Provided material
== Segment start ==

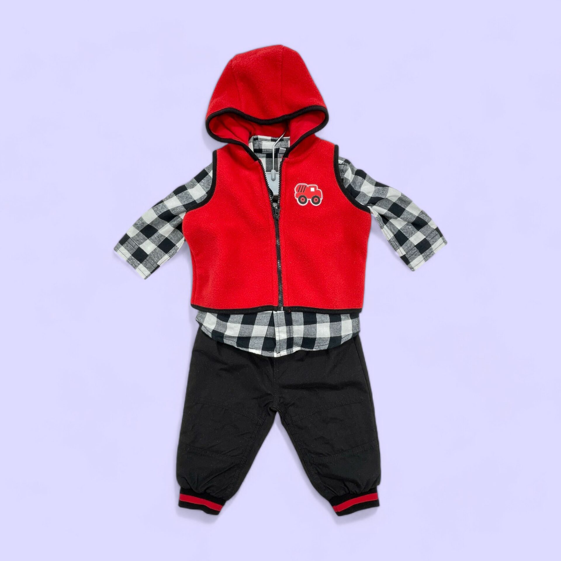 - Ensemble polaire, chemise à carreaux, et pantalon
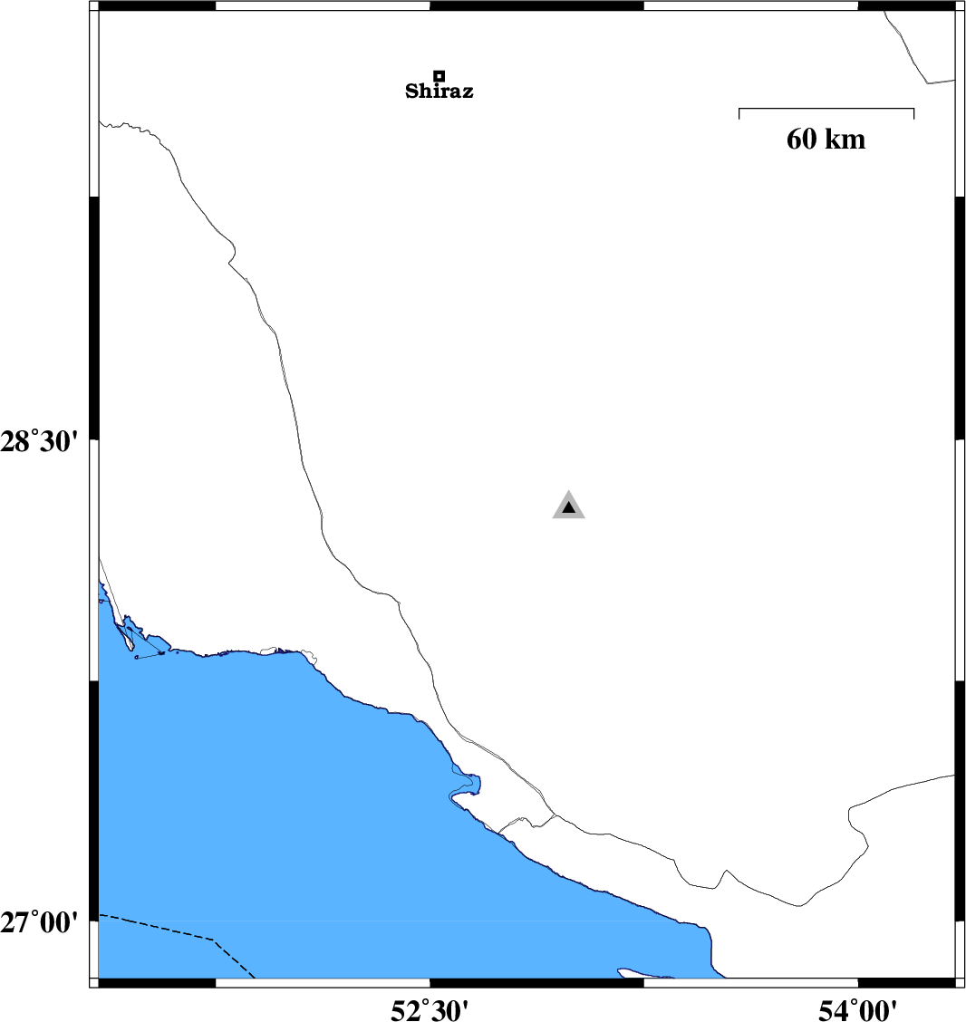 2014/07/29 | 15:32:08.3 | 20:02:08.3 | 27.04 | 54.32 | 46 | ML:3.9 | Hormozgan Province, 18 km South of Bastak |
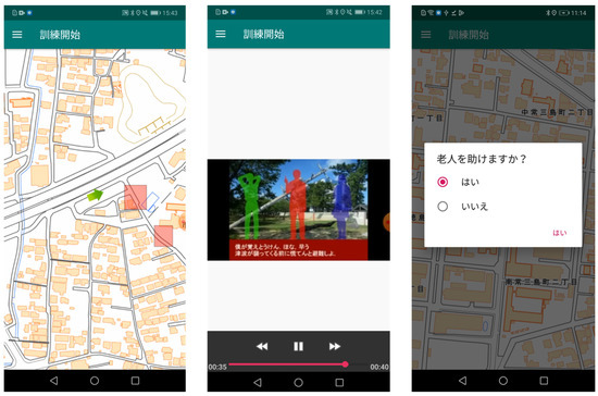 Digital materials. The left picture shows a map displaying a participant’s current location (the green arrow) and visitable SSs (red rectangles). The middle picture shows a video expressing the situation, “I remember an evacuation route. Let’s evacuate quickly before tsunami arrives”. The right picture shows a single-choice question asking about the situation, “Do you rescue the elderly?”.
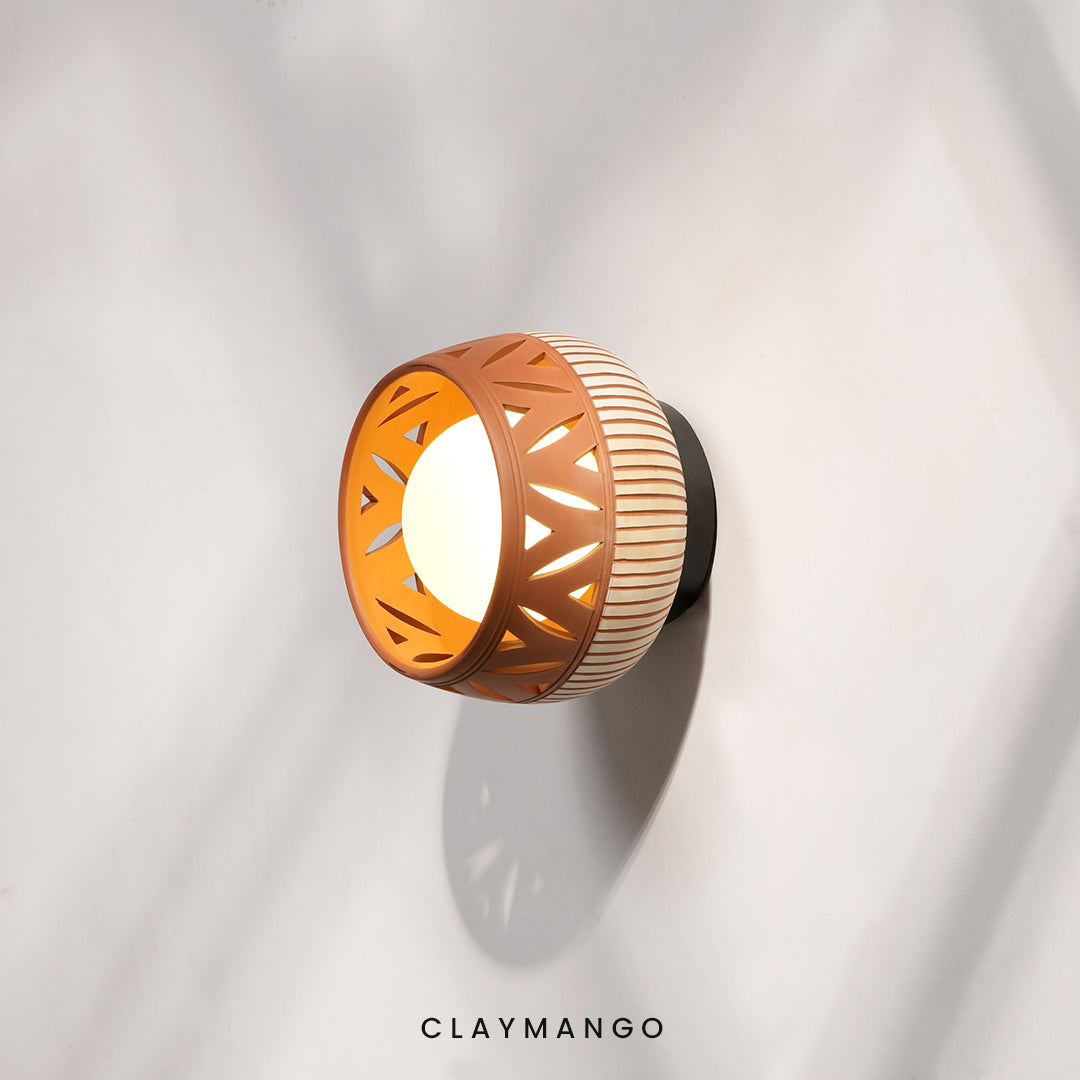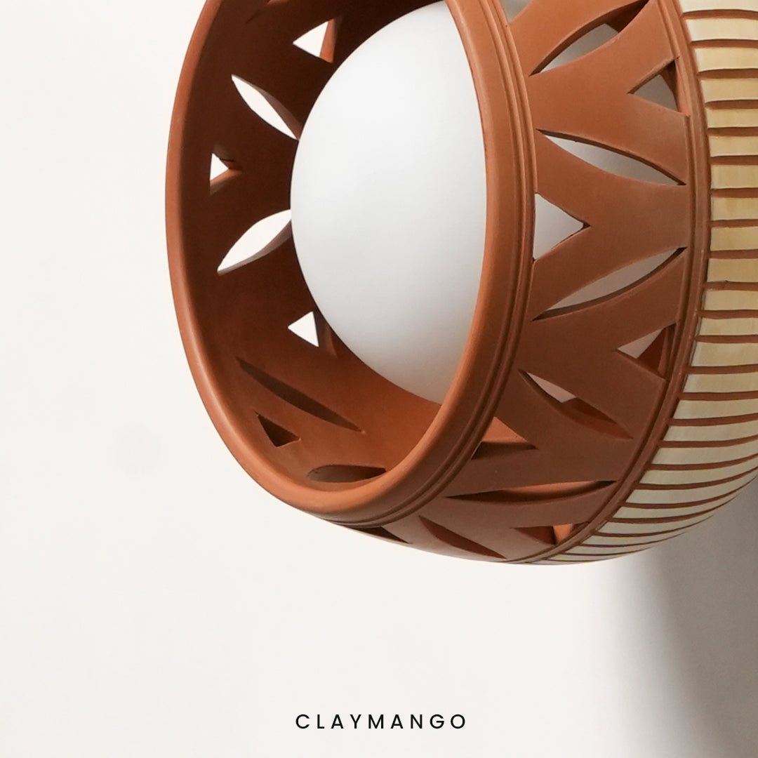 Deyo celebrates the timeless beauty of handcrafted terracotta, shaped by skilled artisans who bring earth, fire, and tradition together. The bowl is meticulously formed and carved by hand, creating delicate cut-work that transforms light into intricate shadow patterns on your walls and ceiling. At its center, a warm glowing orb sits like an ember, echoing the spirit of a contemporary diya. Designed for versatility, Deyo can be installed as a wall lamp, adding intimate ambience and textured shadows to hallways, bedsides, and living spaces. As a ceiling lamp, its terracotta form creates a stunning focal point, casting a soft, halo-like glow that fills the room with warmth. Rooted in craft yet modern in form, Deyo brings the soul of terracotta into everyday living.

== Segment end ==

Exercise prompt
Every line above is to be given again exactly, apart from the pictures.

Answer to the problem
 - Ensemble polaire, chemise à carreaux, et pantalon
 2014/07/29 | 15:32:08.3 | 20:02:08.3 | 27.04 | 54.32 | 46 | ML:3.9 | Hormozgan Province, 18 km South of Bastak |
 Digital materials. The left picture shows a map displaying a participant’s current location (the green arrow) and visitable SSs (red rectangles). The middle picture shows a video expressing the situation, “I remember an evacuation route. Let’s evacuate quickly before tsunami arrives”. The right picture shows a single-choice question asking about the situation, “Do you rescue the elderly?”.
 Deyo celebrates the timeless beauty of handcrafted terracotta, shaped by skilled artisans who bring earth, fire, and tradition together. The bowl is meticulously formed and carved by hand, creating delicate cut-work that transforms light into intricate shadow patterns on your walls and ceiling. At its center, a warm glowing orb sits like an ember, echoing the spirit of a contemporary diya. Designed for versatility, Deyo can be installed as a wall lamp, adding intimate ambience and textured shadows to hallways, bedsides, and living spaces. As a ceiling lamp, its terracotta form creates a stunning focal point, casting a soft, halo-like glow that fills the room with warmth. Rooted in craft yet modern in form, Deyo brings the soul of terracotta into everyday living.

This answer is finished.